Mas qualquer pessoa pode visitar o PE. António apresenta-lhes as instalações. Conta-lhes como funciona e qual a sua importância. Uma delas é clara. “Pôr as pessoas em contacto com o Parlamento, na língua delas, precisamente para que entendam a importância que tudo isto pode ter na vida delas, já que escolhem diretamente os eurodeputados.”

Francisco Falcão, chefe de unidade portuguesa da Direção-Geral de Interpretação de Conferências do PE, conhece-os bem. Ossos do ofício. Além de gerir a sua equipa também faz traduções simultâneas. Ao Português, junta o Francês, o Inglês, o Alemão, o Espanhol, o Holandês e o Sueco. Quase todos os dias, da cabine 9, onde está com mais dois colegas, traduz, com exatidão e emoção, tudo o que é falado nas reuniões. Para benefício dos deputados, dos jornalistas, das visitas que acompanham da tribuna e também para os que seguem as atividades online.

Seguir de perto o esforço de mais de sete centenas de vozes, que tentam chegar a um entendimento que vise o bem comum, tem as suas vantagens. Há tempos mostraram-lhe uma fotografia de um telemóvel acompanhado de uma lista com toda a legislação de um equipamento que quase todos temos. Foi a intervenção do Parlamento que permitiu a extinção do roaming e o fim das práticas abusivas de determinadas empresas. “Isto acontece com os telemóveis e com tantas outras coisas do nosso quotidiano. As pessoas veem o PE como algo distante, mas muitas das decisões que são tomadas aqui afetam a vida dos cidadãos. Daí a importância de votar.”
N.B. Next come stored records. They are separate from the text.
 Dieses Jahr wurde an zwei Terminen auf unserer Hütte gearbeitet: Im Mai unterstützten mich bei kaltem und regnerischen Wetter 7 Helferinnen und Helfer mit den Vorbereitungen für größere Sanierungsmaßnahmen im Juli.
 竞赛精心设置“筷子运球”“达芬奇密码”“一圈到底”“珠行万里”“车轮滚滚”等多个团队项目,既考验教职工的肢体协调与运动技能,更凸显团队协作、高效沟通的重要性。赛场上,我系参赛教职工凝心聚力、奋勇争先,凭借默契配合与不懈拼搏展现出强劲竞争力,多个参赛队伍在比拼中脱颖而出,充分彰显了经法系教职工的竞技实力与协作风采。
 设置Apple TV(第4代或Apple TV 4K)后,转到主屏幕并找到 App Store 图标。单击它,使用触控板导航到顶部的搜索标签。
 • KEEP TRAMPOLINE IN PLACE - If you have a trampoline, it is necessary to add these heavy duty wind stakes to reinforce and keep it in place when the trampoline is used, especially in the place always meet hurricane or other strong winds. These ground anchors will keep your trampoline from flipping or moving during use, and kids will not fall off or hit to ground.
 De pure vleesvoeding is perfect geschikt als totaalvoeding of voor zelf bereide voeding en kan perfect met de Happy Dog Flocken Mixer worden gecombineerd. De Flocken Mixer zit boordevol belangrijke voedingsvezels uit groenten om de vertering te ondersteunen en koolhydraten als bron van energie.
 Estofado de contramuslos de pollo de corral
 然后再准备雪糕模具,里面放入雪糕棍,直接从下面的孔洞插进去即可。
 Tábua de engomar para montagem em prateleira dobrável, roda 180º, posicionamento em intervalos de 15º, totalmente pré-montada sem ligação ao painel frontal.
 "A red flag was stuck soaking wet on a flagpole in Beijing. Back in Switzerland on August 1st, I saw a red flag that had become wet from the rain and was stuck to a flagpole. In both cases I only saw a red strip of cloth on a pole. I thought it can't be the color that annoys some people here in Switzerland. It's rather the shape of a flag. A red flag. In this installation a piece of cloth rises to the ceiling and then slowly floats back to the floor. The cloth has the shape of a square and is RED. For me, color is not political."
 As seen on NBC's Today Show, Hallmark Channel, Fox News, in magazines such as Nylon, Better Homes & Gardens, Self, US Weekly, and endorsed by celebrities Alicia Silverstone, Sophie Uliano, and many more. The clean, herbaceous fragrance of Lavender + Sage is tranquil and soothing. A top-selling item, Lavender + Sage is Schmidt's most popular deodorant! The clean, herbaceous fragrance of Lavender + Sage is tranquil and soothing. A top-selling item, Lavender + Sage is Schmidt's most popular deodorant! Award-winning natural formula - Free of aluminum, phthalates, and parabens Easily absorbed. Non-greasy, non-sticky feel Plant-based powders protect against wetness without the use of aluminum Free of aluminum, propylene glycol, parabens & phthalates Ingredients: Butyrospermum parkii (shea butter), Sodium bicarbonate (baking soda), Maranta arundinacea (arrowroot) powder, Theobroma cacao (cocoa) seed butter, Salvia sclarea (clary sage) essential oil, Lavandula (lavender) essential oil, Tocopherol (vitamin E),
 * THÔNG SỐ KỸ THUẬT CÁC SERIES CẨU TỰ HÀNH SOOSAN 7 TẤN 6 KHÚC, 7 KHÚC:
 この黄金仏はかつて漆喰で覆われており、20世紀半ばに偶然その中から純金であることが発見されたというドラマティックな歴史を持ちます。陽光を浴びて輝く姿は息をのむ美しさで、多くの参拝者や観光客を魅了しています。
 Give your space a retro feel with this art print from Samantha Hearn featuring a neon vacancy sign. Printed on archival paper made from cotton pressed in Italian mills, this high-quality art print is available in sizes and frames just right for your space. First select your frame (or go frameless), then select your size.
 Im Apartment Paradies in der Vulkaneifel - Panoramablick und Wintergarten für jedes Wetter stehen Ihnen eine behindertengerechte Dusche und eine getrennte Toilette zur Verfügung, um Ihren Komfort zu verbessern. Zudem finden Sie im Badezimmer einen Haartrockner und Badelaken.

Em Portugal, a escolha dos 21 deputados portugueses com assento no PE acontecerá a 26 de maio. Serão as primeiras eleições europeias sem o Reino Unido. E, por isso, o número total de representantes será reduzido de 751 para 705. Há uma Democracia para defender, vários focos de populismo para travar e não se olham a meios para combater a abstenção, porque a Europa quer ganhar as eleições.